YaRN: Yet Another RoPE Extensionn Method

7 minute read

Published: May 26, 2026

TL;DR: YaRN (Peng et al., 2023) divides RoPE dimensions into three groups — low-frequency dims get linear interpolation, high-frequency dims get no modification, mid-frequency dims get NTK-style scaling — and then applies an attention temperature correction. The result is significantly better long-context performance than either method alone, with only ~400 fine-tuning steps needed.

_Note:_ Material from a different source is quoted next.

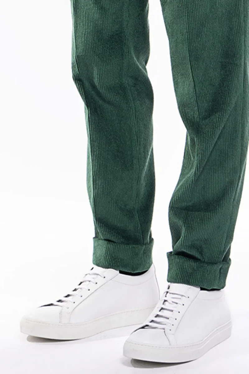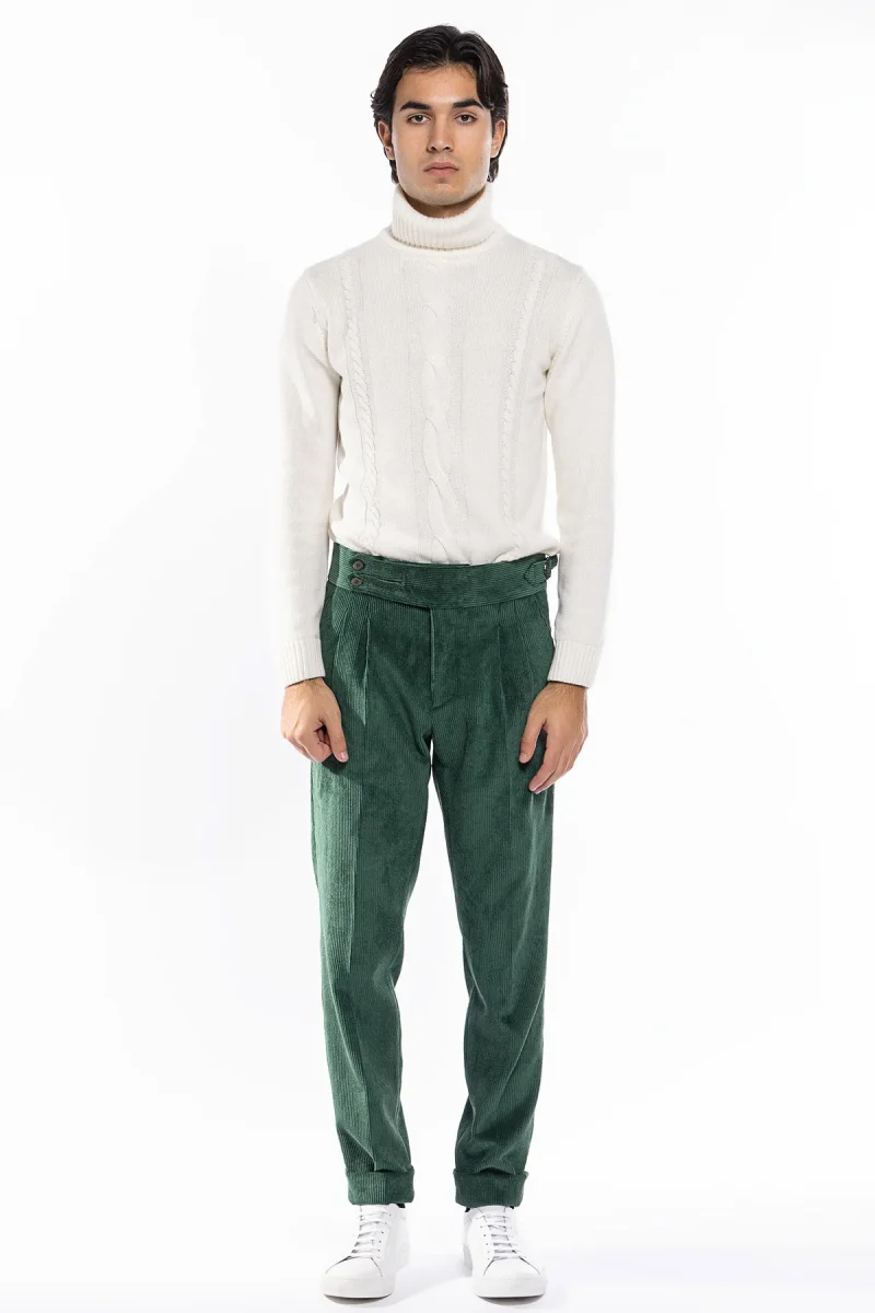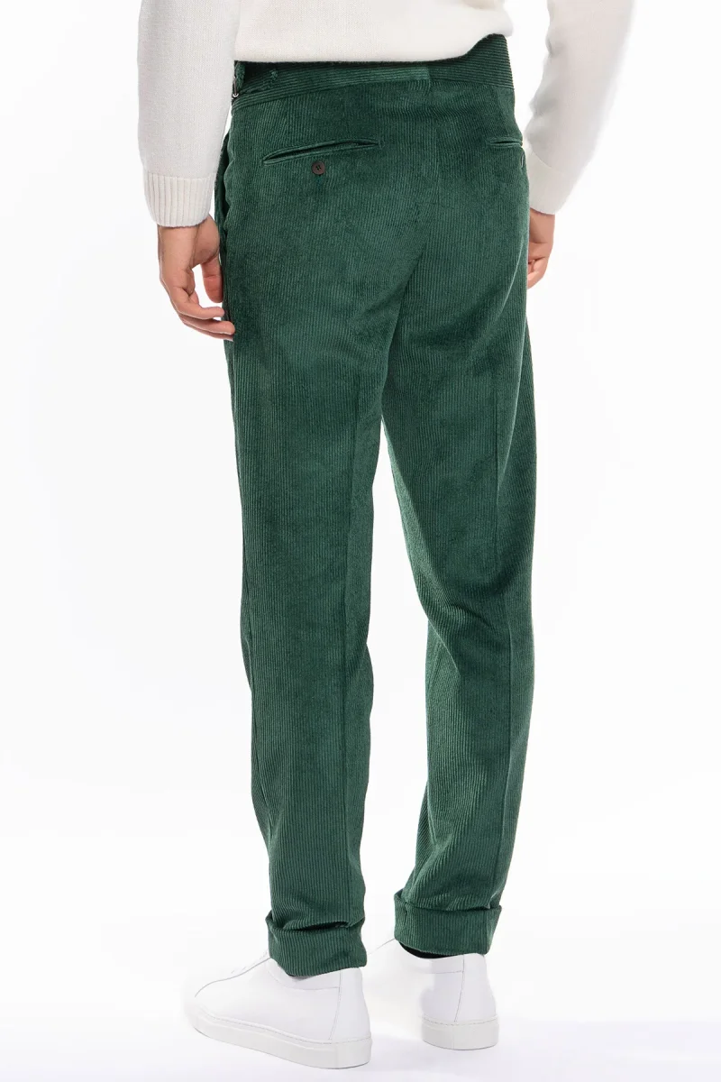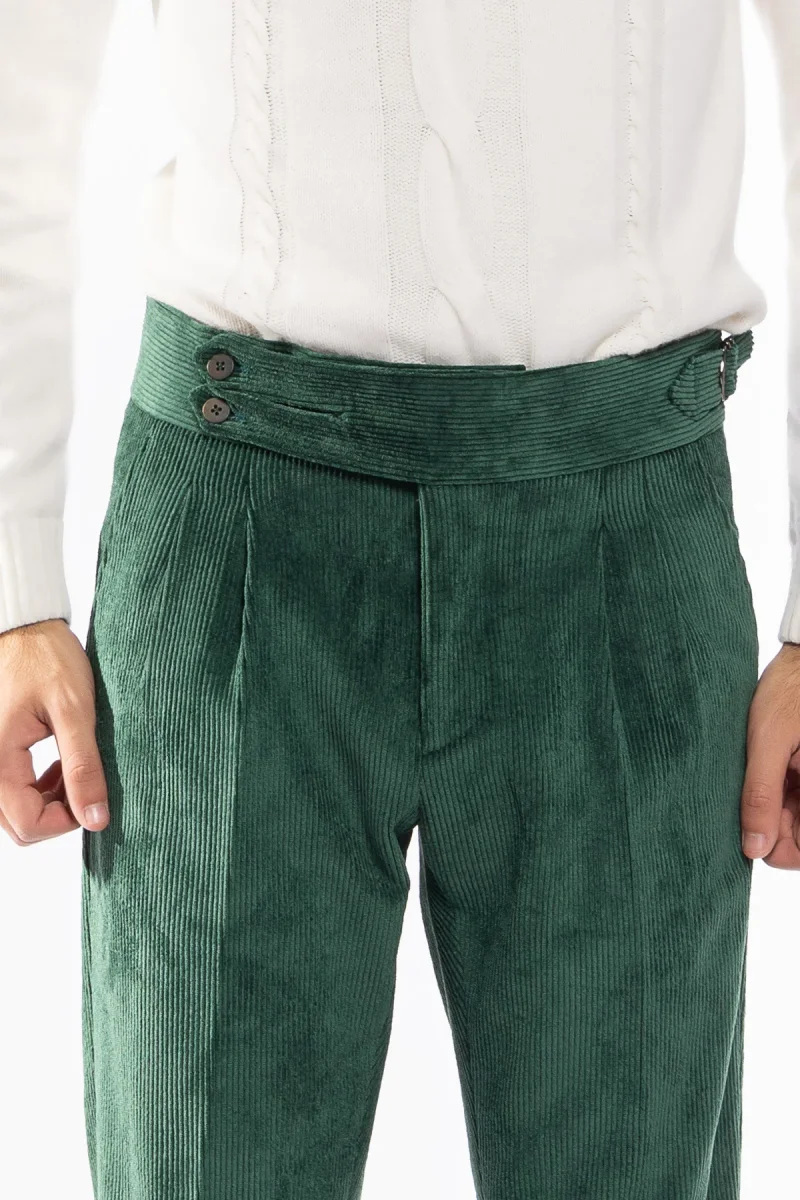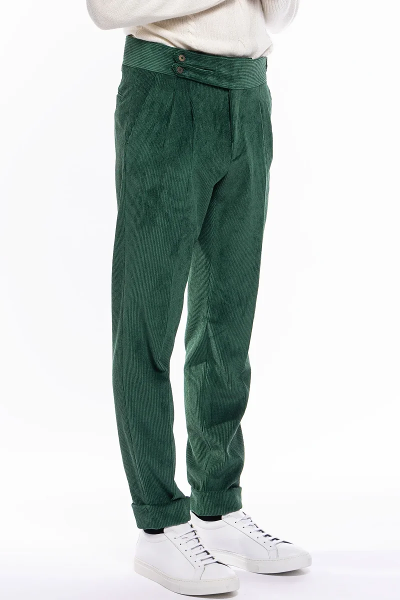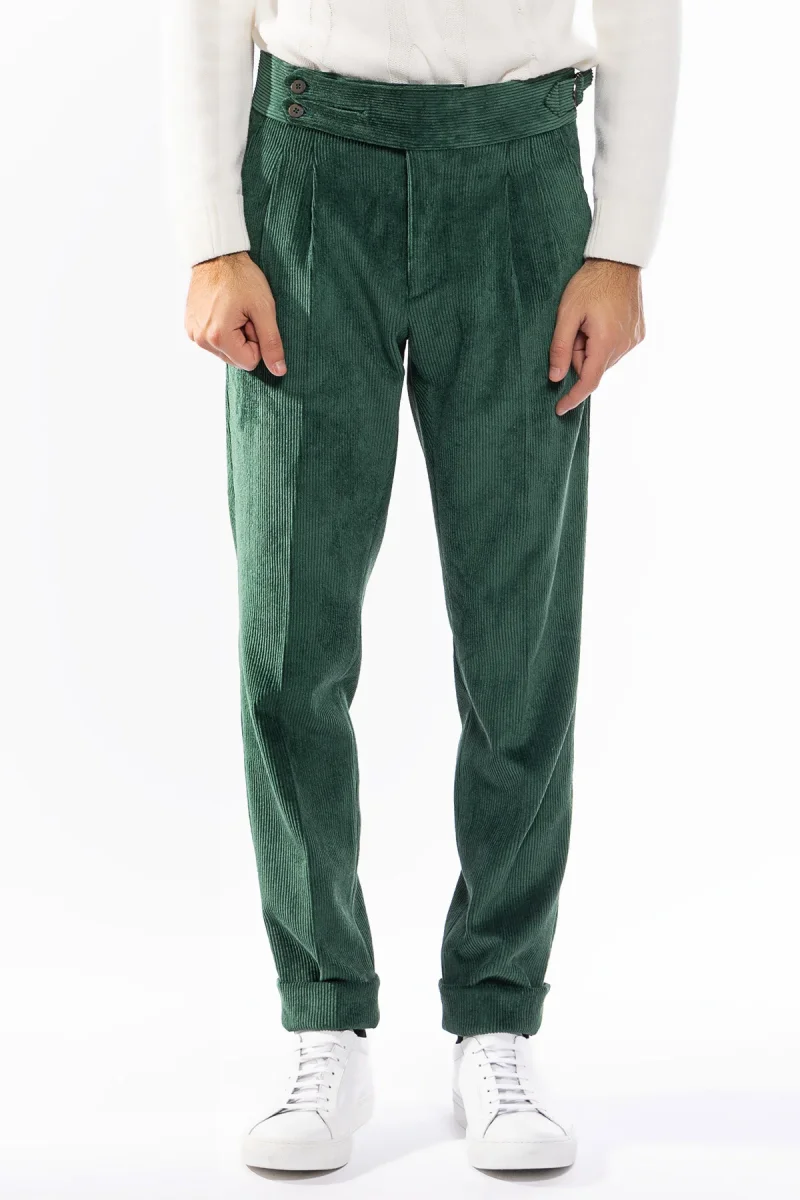 PANTALONE UOMO VERDE BOTTIGLIA VITA ALTA BIFORCATO DOPPIA PINCES IN VELLUTO A COSTINE STRETTE

Paper: "YaRN: Efficient Context Window Extension of Large Language Models" · arXiv:2309.00071
Authors: Bowen Peng, Jeffrey Quesnelle, Honglu Fan, Enrico Shippole
Venue: arXiv 2023 · 📄 Read the paper

First page of the YaRN paper — Paper preview — YaRN: Efficient Context Window Extension of Large Language Models (Peng et al., 2023).

YaRN context extension — YaRN: efficient context window extension (Peng et al., 2023)

The Problem YaRN Solves

Both linear interpolation and NTK scaling are global — they apply the same transformation to all RoPE frequency dimensions. But different dimensions encode different kinds of positional information:

High-frequency dims (small wavelength): encode fine-grained local position. They should not be interpolated — compressing their cycles destroys local structure.
Low-frequency dims (large wavelength): encode long-range position. They can be linearly interpolated without harm.
Mid-frequency dims: need something in between.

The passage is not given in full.